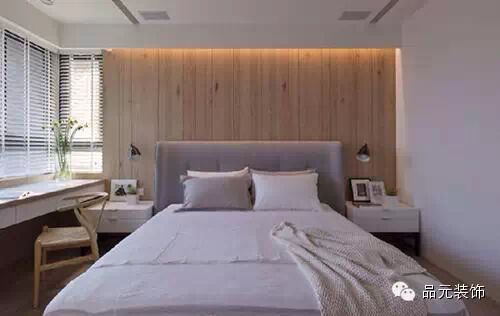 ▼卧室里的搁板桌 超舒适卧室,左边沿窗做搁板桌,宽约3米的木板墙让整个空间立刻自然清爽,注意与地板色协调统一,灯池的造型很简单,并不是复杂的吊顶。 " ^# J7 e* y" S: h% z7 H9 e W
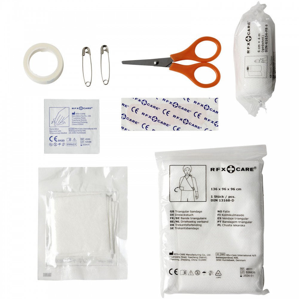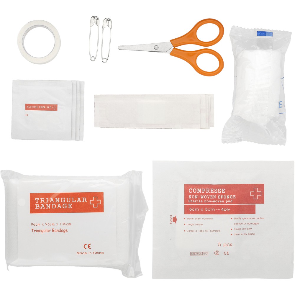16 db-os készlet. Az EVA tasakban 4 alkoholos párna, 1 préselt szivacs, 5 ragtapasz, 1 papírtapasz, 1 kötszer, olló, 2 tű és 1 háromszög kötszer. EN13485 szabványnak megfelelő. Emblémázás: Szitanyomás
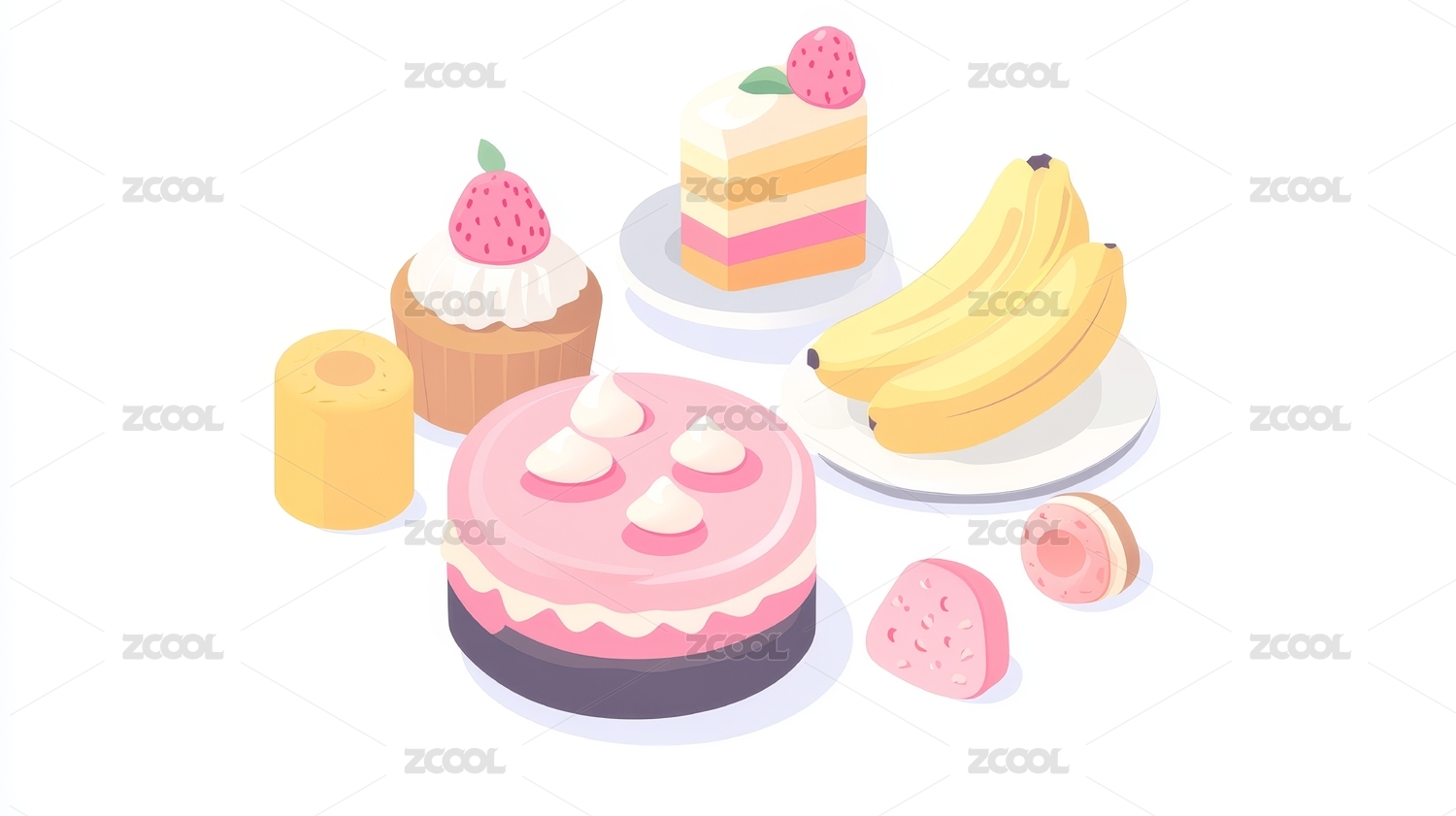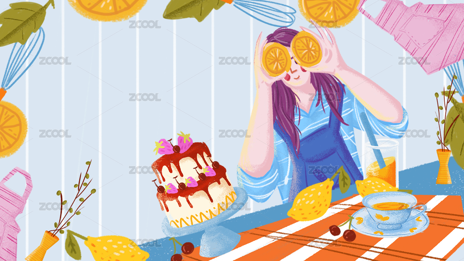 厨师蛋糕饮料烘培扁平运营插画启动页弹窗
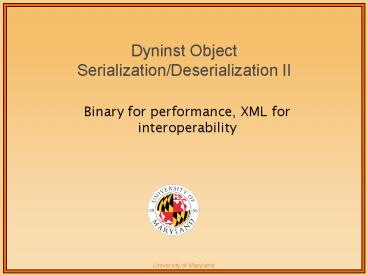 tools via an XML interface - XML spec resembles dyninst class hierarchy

- - -

- [Problem description]:
An exact transcription is needed of the lines from the one with "16 db-os készlet." to the one with "厨师蛋糕饮料烘培扁平运营插画启动页弹窗" above, both ends included, with pictures left out.

- [The completed task]:
16 db-os készlet. Az EVA tasakban 4 alkoholos párna, 1 préselt szivacs, 5 ragtapasz, 1 papírtapasz, 1 kötszer, olló, 2 tű és 1 háromszög kötszer. EN13485 szabványnak megfelelő. Emblémázás: Szitanyomás
 厨师蛋糕饮料烘培扁平运营插画启动页弹窗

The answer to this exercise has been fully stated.